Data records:
*** Begin section ***

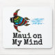 Colourful sea turtle swimming through the ocean, leaving ripples behind it. "Maui on My Mind" written in modern black lettering beneath the design.
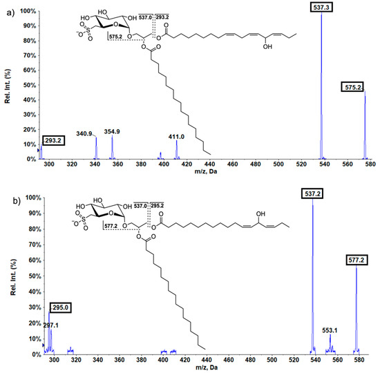 In the analyzed lettuce samples, the oxidized SQDG (SQDG-OH) could be detected. The SQDG were first identified by their specific fingerprint fragments (m/z 81, m/z 165, and m/z 225) [35]. Additionally, specific fragments of hydroxy fatty acids (m/z 293; 18:3-OH, m/z 295; 18:2-OH) allowed direct characterization of individual oxidized SQDG. A representative example of the specific fragmentation pattern for oxidized SQDG is shown in Figure 5a,b. Based on these hydroxy fatty acids fragments, the oxidized species SQDG-831, SQDG-833, and SQDG-853 were detected. SQDG-OH (m/z 831), the most common SQDG-OH, is the oxidized linolenic acid (18:3-OH) equivalent of SQDG-815. SQDG-833 is the LOH equivalent to SQDG-817, and SQDG-853 is equivalent to SQDG-837. A preferential oxidation of SQDG-837 is most likely due to the two attached PUFA (18:3/18:3). The decrease in the enrichment factors of SQDG-OH leads to the assumption that these are formed preferentially under S deprivation conditions. With regard to SQDG-831 and SQDG-833, a clear decrease in the percentage distribution in the membrane is visible (Figure 6). This decrease is further demonstrated by the enrichment factor. When the concentrations in the different S supply levels were not altered, the enrichment factor is one. However, there were enrichment factors of 4.1 and 3.7 (SQDG-831 and SQDG-833), which indicated that the concentrations of these individual SQDG were enriched; however, the concentration has increased less than the total SQDG concentration. The total SQDG concentration in plants for S2 level was 7.2 times higher than the total content in S0 level (enrichment factor 7.2). In summary, the concentration of all detected SQDG-OH were decreased by S nutrition in lettuce.
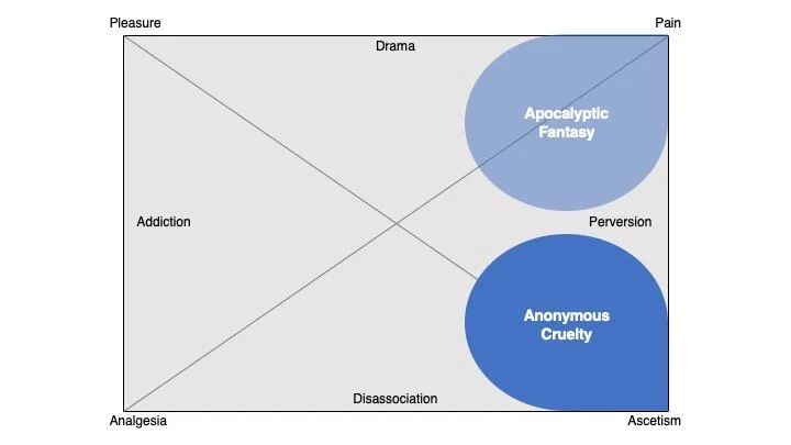 Anonymous Cruelty is a clear move toward asceticism, the pleasure of doing good, being responsible, and becoming the light of the world. Detachment helps one choose more wisely, rather than from pure instinct. But there is a risk in the shadow, of not experiencing the emotional consequences of our actions and taking pleasure in shaming others. In Generation Poetry, we see this through the online bullying and cruelty that would be unthinkable in “real life.” But this generation also shows more vulnerability online, opening themselves up for abuse, in what looks like a perverted game of victim and perpetrator. The instinctive pleasures and passions of the body are denied, but served through a distorted cruelty.
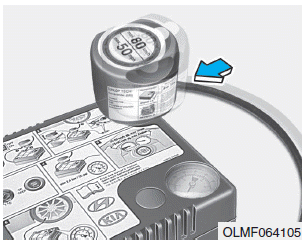 8. Когда ключ зажигания находится в положении ON, включите компрессор и дайте ему поработать примерно 5-7 минут, чтобы заполнить герметиком до надлежащего давления. (см. «Шины и колеса», глава 8). Давление в шине после заполнение несущественно и будет проверено/исправлено позже.
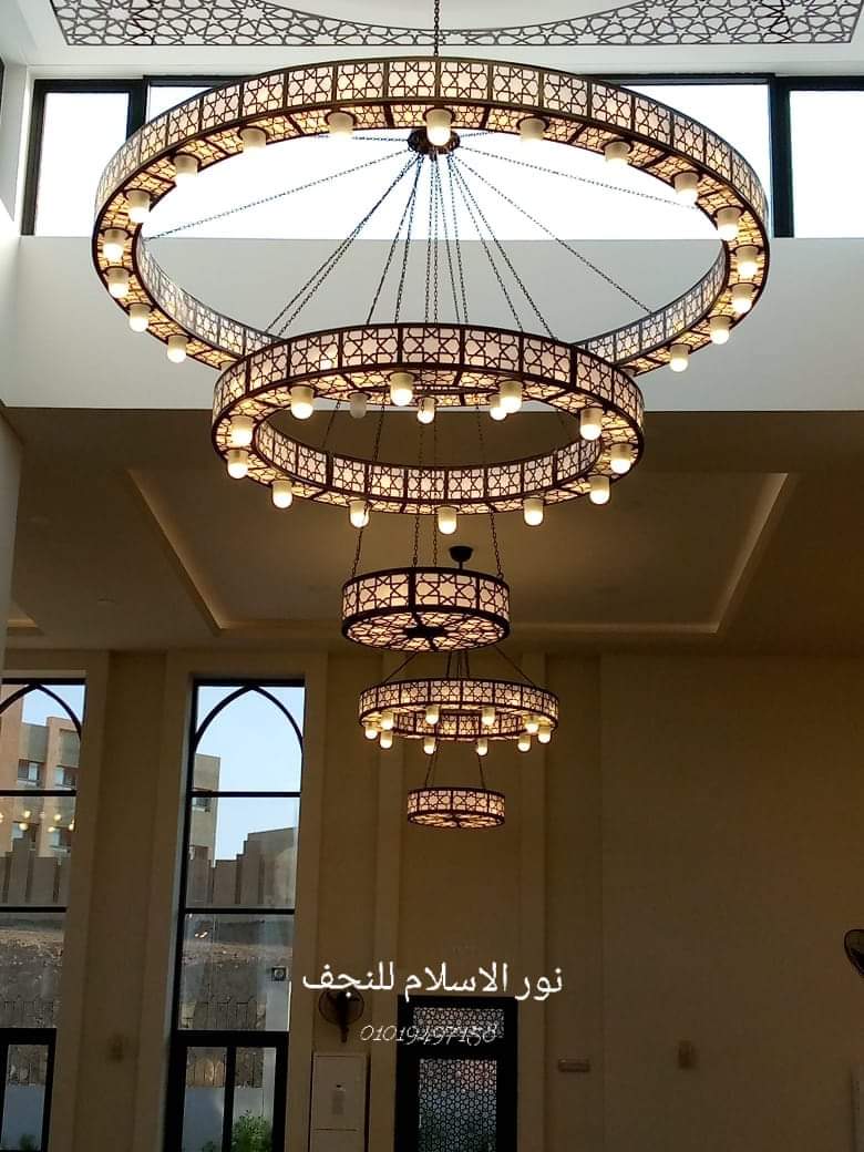 At Noor Al-Islam Chandelier Factory, we keep pace with architectural developments in mosque design and lighting by offering modern Islamic chandeliers that utilize laser cutting technology to ensure the highest level of precision, beauty, and geometric harmony.
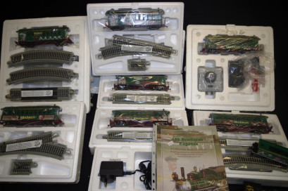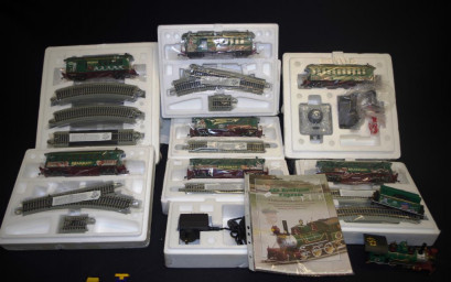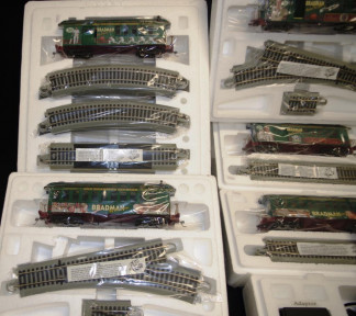 honouring the life and legend of Don Bradman, with O scale train designed to run on HO gauge track; sets 1-8 including locomotive & tender, coaches (7), track, power pack & controller. Most still in original packaging -
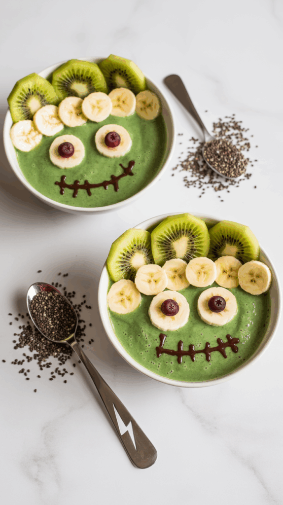 Blend a green smoothie base using spinach, banana, and mango. Pour into a bowl and use fruit slices to make a Frankenstein face—kiwi hair, banana bolts, and berry eyes. Use a black food marker or chocolate syrup to add stitched eyebrows and a toothy grin. Sprinkle chia seeds or granola bolts on the sides like his “screws.” Serve with a spoon that has a lightning bolt cutout on it for fun flair. Kids will get a kick out of “eating Frankenstein’s face.” It’s monstrously healthy and scary-cute at the same time. A brilliant balance of fun and fuel!
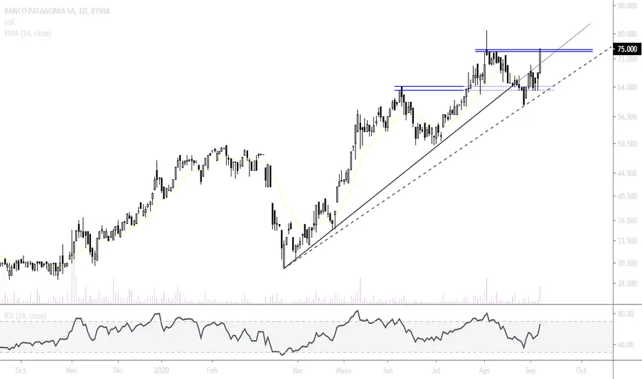 Muy bien hoy este banquito, mucho volumen con una suba muy fuerte. Logró romper el primer nivel de 70 pesos y fue directo al próximo en los 74.10/74.80. Superando este último queda muy bien de fondo nuevamente y corta la idea de pausa o corrección y además podemos esperar una continuación hasta los 81 y luego 87.
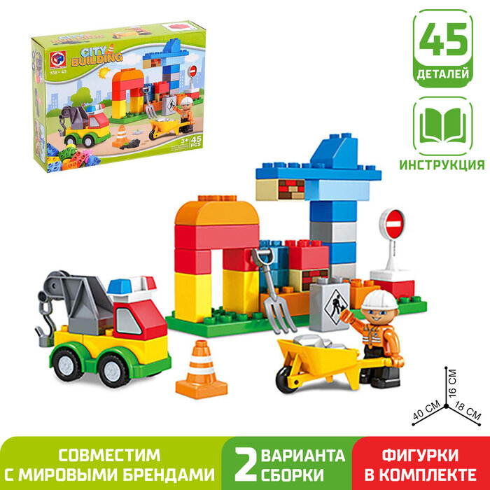 KIDS HOME TOYS Конструктор «Городские строители», 45 деталей
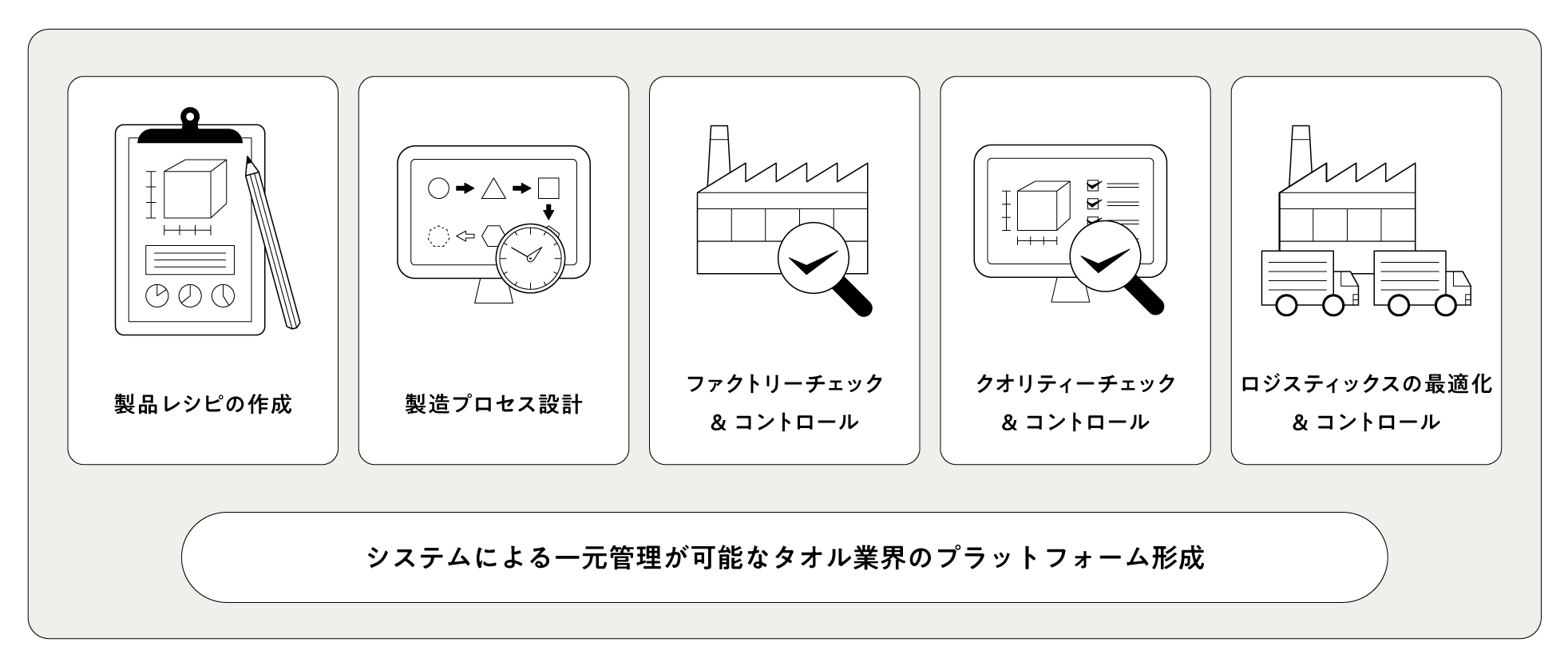製品の設計図作成から製品がお客様のもとへと渡るまで、独自のシステム化による管理体制を構築し、従来のタオル製造を超えるクオリティを実現しました。また、製造コストの圧倒的なイノベーションを可能にし、類を見ないパフォーマンスを提供できるようになりました。
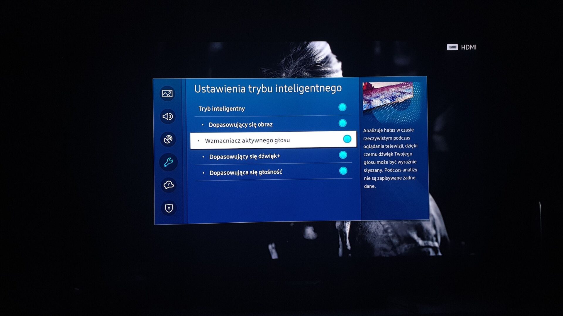 Czasami zdarza się, że w pobliżu pojawiają się szumy lub inne niepożądane dźwięki (np. wiertarka zza ścianą, suszarka itp.). Nie musimy już zwiększać głośności, by usłyszeć dialogi. Aktywny Wzmacniacz Głosu zrobi to za nas. Warto podkreślić, że rozwiązanie to nie podnosi głośności dla całej ścieżki dźwiękowej, skupiając się jedynie na słowach wypowiadanych przez filmowych bohaterów.
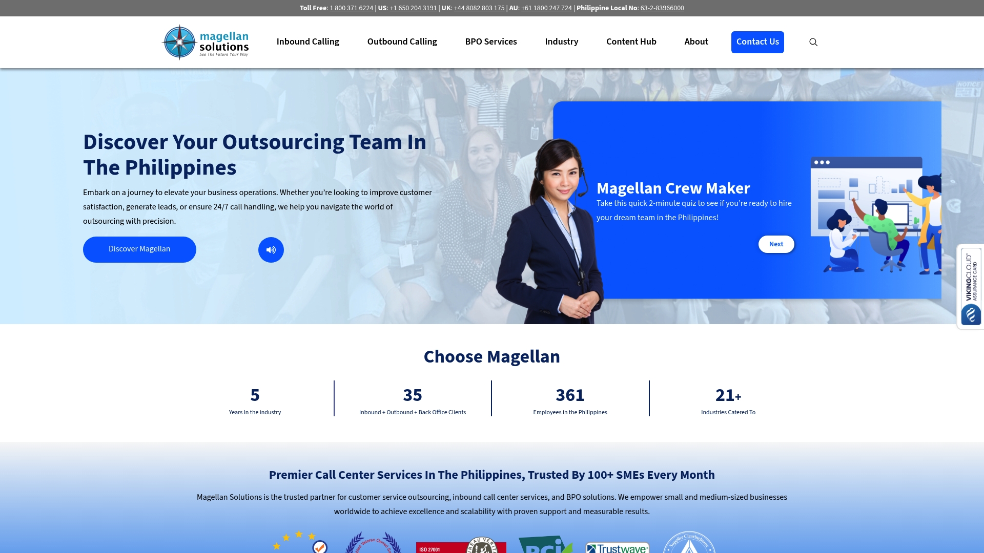 Magellan Solutions is a Philippines based BPO that offers call center and industry specific outsourcing with a clear emphasis on cost savings and 24/7 operations. The platform suits companies that need multilingual support and strong compliance coverage.

*** End section ***

* [HOW TO COMPLETE THIS TASK]: Please copy out from the data above, without any picture, exactly the lines running from the one that holds "製品の設計図作成から製品がお" through the one that holds "Czasami zdarza się, że", and nothing beyond them.

* [EXERCISE ANSWER]:
製品の設計図作成から製品がお客様のもとへと渡るまで、独自のシステム化による管理体制を構築し、従来のタオル製造を超えるクオリティを実現しました。また、製造コストの圧倒的なイノベーションを可能にし、類を見ないパフォーマンスを提供できるようになりました。
 Czasami zdarza się, że w pobliżu pojawiają się szumy lub inne niepożądane dźwięki (np. wiertarka zza ścianą, suszarka itp.). Nie musimy już zwiększać głośności, by usłyszeć dialogi. Aktywny Wzmacniacz Głosu zrobi to za nas. Warto podkreślić, że rozwiązanie to nie podnosi głośności dla całej ścieżki dźwiękowej, skupiając się jedynie na słowach wypowiadanych przez filmowych bohaterów.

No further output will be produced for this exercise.